Exercise aim: From the listing below, reproduce exactly the lines starting with the one with "Nero Platinum Suite" and going on through the one with "Typ výtisku: příloha", both ends kept. No picture is copied.
--- Data in this exercise Enclosed Below ---
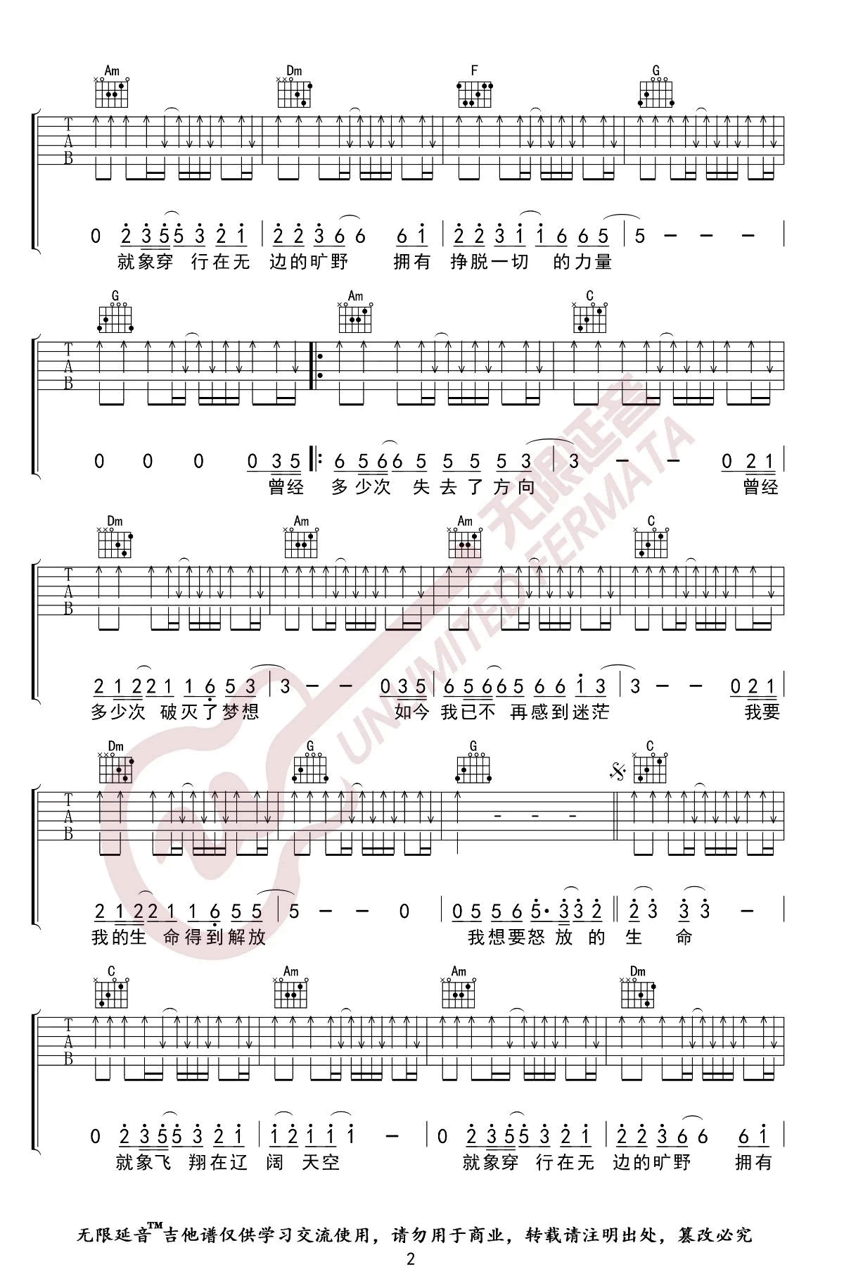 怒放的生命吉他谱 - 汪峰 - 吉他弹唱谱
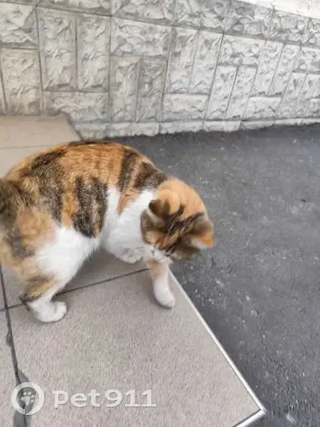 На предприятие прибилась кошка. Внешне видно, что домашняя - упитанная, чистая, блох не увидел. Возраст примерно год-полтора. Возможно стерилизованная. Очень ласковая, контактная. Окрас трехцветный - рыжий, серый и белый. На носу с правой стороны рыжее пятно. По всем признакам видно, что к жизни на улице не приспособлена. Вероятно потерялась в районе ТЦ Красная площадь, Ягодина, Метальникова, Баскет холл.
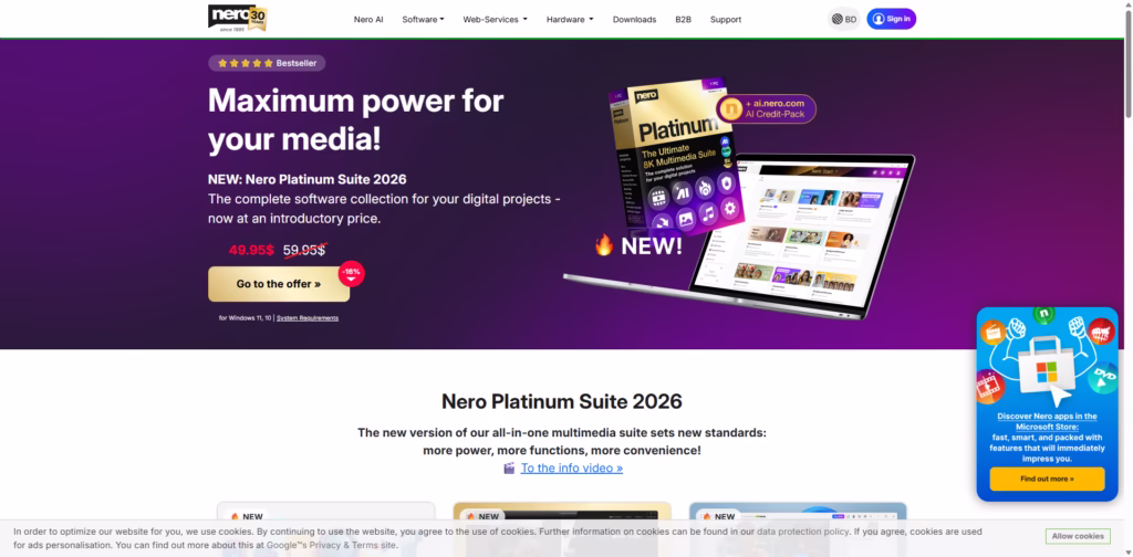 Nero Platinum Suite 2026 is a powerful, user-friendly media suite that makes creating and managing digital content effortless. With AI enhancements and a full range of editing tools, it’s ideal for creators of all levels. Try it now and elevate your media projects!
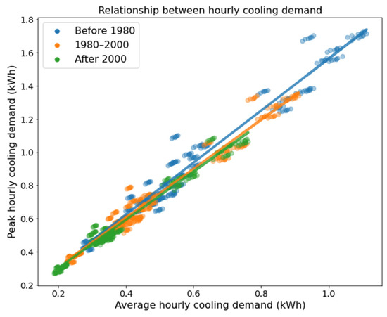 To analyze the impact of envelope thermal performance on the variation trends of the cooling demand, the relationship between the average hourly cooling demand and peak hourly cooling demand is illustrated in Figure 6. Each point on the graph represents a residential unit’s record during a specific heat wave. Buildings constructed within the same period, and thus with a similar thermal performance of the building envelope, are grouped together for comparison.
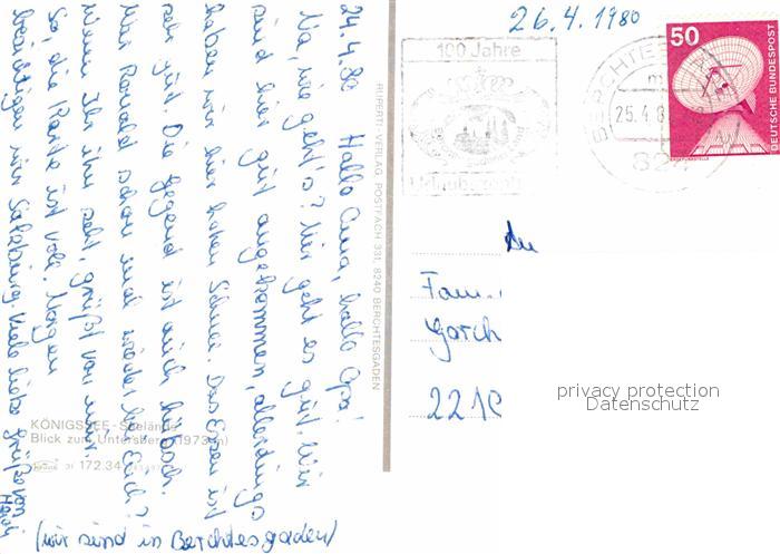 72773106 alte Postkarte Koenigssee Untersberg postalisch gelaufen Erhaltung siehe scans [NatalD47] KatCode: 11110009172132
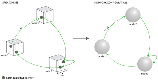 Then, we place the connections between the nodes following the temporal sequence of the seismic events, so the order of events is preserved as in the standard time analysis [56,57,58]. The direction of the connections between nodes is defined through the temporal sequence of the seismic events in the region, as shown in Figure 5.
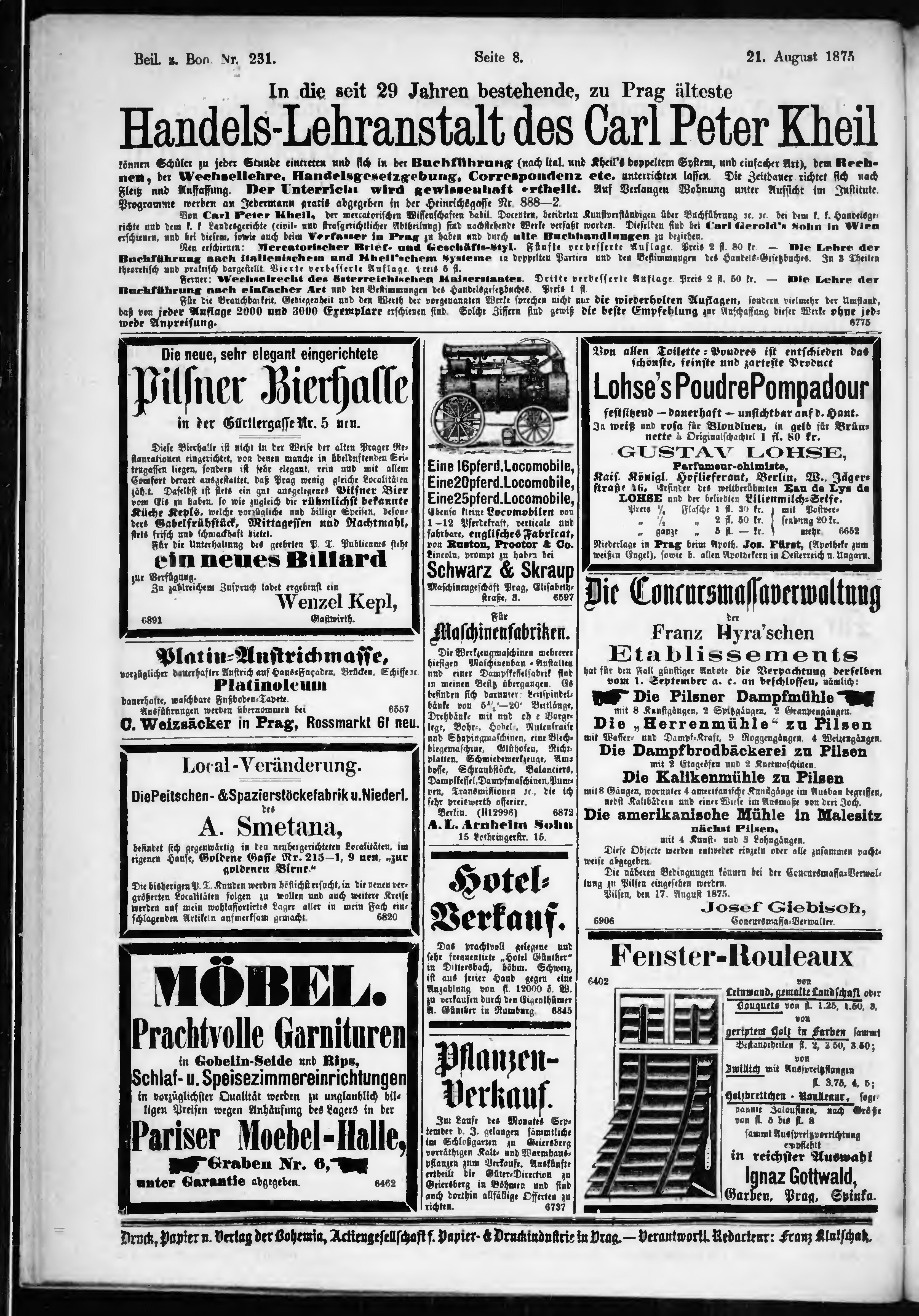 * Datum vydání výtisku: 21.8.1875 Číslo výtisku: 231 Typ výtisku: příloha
--- End of Enclosed Data in this exercise ---
--- Data in this exercise Enclosed Below ---
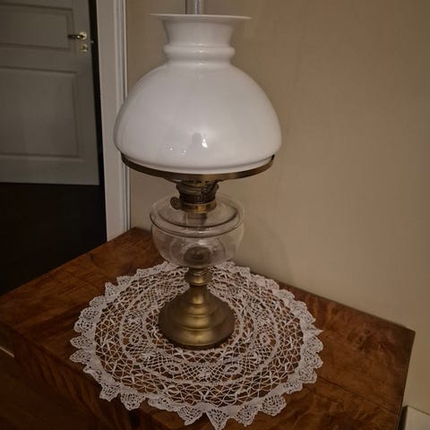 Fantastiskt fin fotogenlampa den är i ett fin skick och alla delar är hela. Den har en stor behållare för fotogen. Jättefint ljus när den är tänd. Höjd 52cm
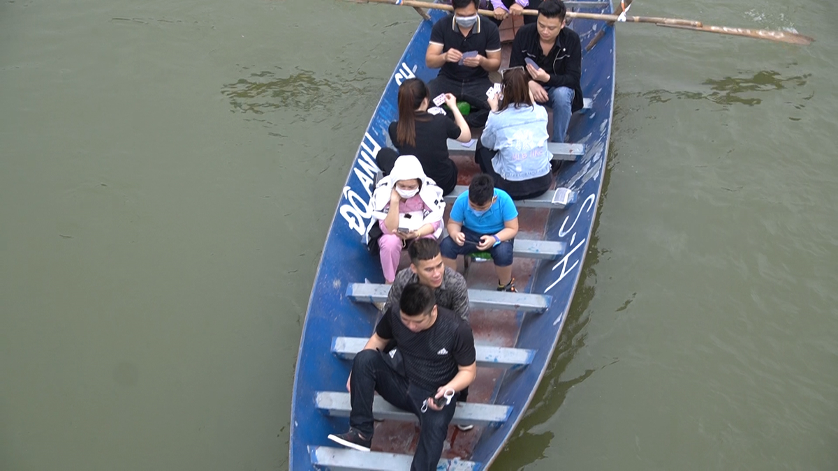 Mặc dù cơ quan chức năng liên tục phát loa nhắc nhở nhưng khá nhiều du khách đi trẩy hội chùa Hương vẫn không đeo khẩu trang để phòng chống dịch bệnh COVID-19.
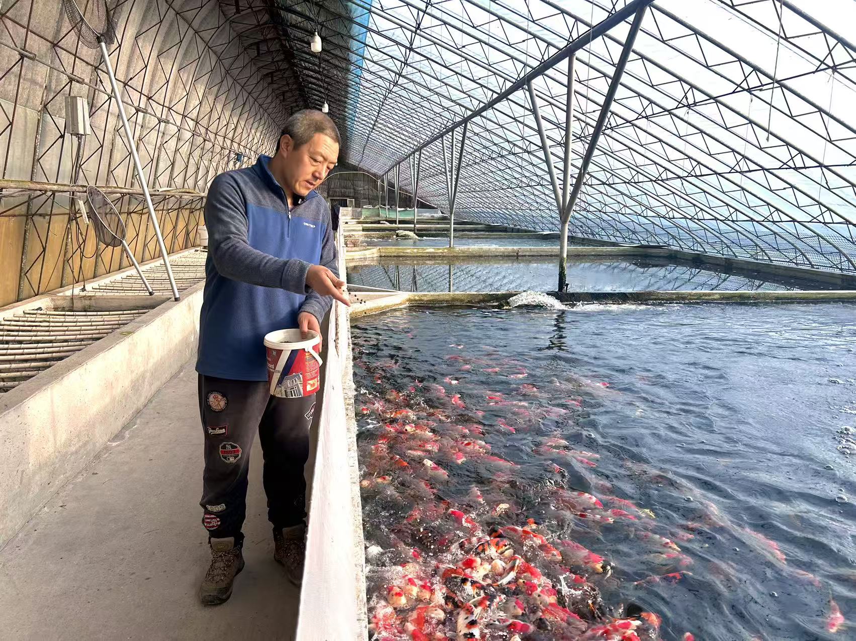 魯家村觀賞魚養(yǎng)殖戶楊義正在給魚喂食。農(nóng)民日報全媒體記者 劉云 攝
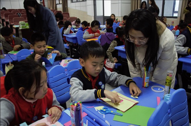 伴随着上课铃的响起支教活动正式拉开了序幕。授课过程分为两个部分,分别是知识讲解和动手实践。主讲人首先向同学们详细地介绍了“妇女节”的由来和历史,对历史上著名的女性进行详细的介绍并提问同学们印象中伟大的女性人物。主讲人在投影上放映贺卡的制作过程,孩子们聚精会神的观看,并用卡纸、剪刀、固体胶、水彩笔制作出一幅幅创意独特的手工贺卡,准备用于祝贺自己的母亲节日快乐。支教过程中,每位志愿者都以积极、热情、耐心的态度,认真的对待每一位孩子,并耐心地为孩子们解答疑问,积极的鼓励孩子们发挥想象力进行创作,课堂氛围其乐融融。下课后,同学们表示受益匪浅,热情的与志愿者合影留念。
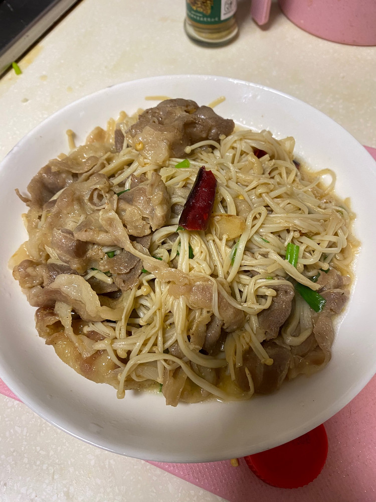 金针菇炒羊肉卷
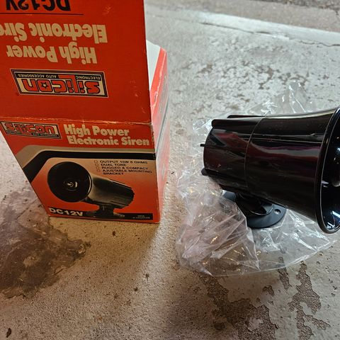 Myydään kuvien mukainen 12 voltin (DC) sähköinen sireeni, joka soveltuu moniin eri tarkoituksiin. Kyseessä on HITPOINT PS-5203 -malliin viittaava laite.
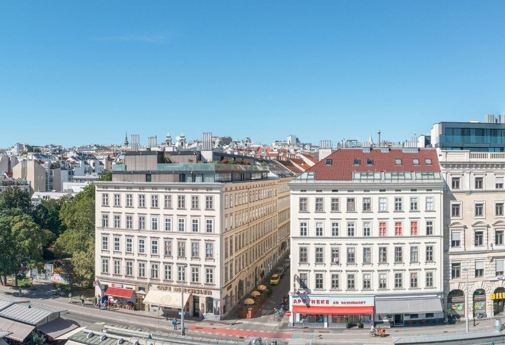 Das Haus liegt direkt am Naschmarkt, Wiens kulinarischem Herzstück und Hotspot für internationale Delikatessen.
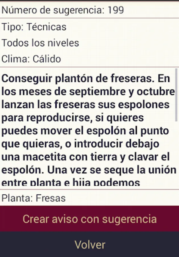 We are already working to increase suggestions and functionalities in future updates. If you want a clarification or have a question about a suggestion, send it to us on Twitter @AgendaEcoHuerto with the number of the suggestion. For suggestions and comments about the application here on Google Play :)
--- End of Enclosed Data in this exercise ---
--- Data in this exercise Enclosed Below ---
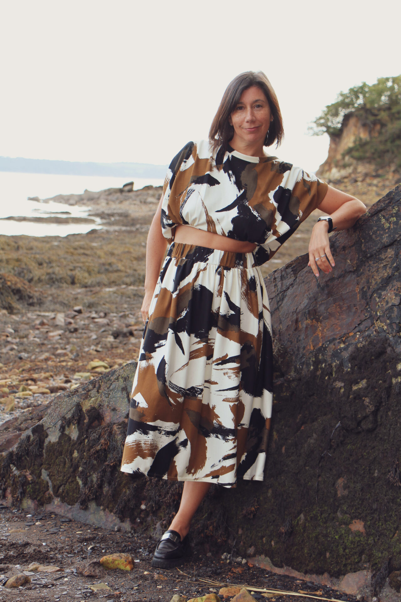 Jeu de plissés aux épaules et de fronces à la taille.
--- End of Enclosed Data in this exercise ---
Response box:
 Nero Platinum Suite 2026 is a powerful, user-friendly media suite that makes creating and managing digital content effortless. With AI enhancements and a full range of editing tools, it’s ideal for creators of all levels. Try it now and elevate your media projects!
 To analyze the impact of envelope thermal performance on the variation trends of the cooling demand, the relationship between the average hourly cooling demand and peak hourly cooling demand is illustrated in Figure 6. Each point on the graph represents a residential unit’s record during a specific heat wave. Buildings constructed within the same period, and thus with a similar thermal performance of the building envelope, are grouped together for comparison.
 72773106 alte Postkarte Koenigssee Untersberg postalisch gelaufen Erhaltung siehe scans [NatalD47] KatCode: 11110009172132
 Then, we place the connections between the nodes following the temporal sequence of the seismic events, so the order of events is preserved as in the standard time analysis [56,57,58]. The direction of the connections between nodes is defined through the temporal sequence of the seismic events in the region, as shown in Figure 5.
 * Datum vydání výtisku: 21.8.1875 Číslo výtisku: 231 Typ výtisku: příloha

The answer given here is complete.